(Collected data)
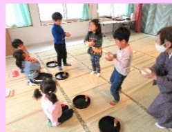
自分で点てたお茶を お友だちに飲んでもらうよ!
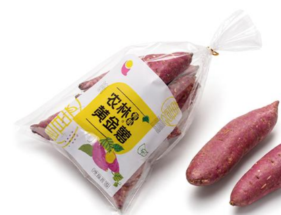
C-01-01 有机农林黄金薯小薯 1公斤/袋
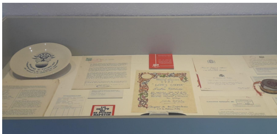
Paneles, documentos y parte de los objetos personales que podrán visitarse en la exposición.
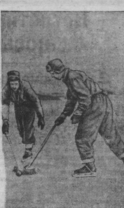
На Кемеровском сталкин «азот».

Лучшие мастера лыжного спорта, показавшие на областных соревнованиях самые хорошие результаты, в составе 12 человек, 2 февраля выезжают в Ленинград на Всесоюзные соревнования добровольного спортивного общества трудовых резервов. Команде Кемеровской области предстоит на этих соревнованиях защищать честь Кузбасса. Всесоюзные лыжные соревнования состоятся с 12 по 18 февраля сего года.
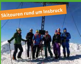
Skitouren rund um Innsbruck
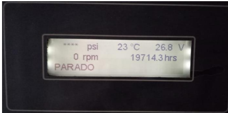
Figura 4.- Fotografía del horómetro de GEN°6 actualizado al 06.01.22

Nota: Se adjunta manual de Operación y Mantenimiento Grupo Electrónico C32
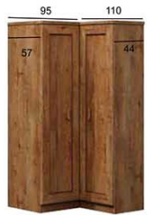
T25 KATALOG 95/110x57/44x190 cm (dostępna wersja odwrotna)

- **WHAT YOU SHOULD DO**
Every record must be copied exactly, with images dropped from the result.

- **EXPECTED OUTPUT**
自分で点てたお茶を お友だちに飲んでもらうよ!
C-01-01 有机农林黄金薯小薯 1公斤/袋
Paneles, documentos y parte de los objetos personales que podrán visitarse en la exposición.
На Кемеровском сталкин «азот».

Лучшие мастера лыжного спорта, показавшие на областных соревнованиях самые хорошие результаты, в составе 12 человек, 2 февраля выезжают в Ленинград на Всесоюзные соревнования добровольного спортивного общества трудовых резервов. Команде Кемеровской области предстоит на этих соревнованиях защищать честь Кузбасса. Всесоюзные лыжные соревнования состоятся с 12 по 18 февраля сего года.
Skitouren rund um Innsbruck
Figura 4.- Fotografía del horómetro de GEN°6 actualizado al 06.01.22

Nota: Se adjunta manual de Operación y Mantenimiento Grupo Electrónico C32
T25 KATALOG 95/110x57/44x190 cm (dostępna wersja odwrotna)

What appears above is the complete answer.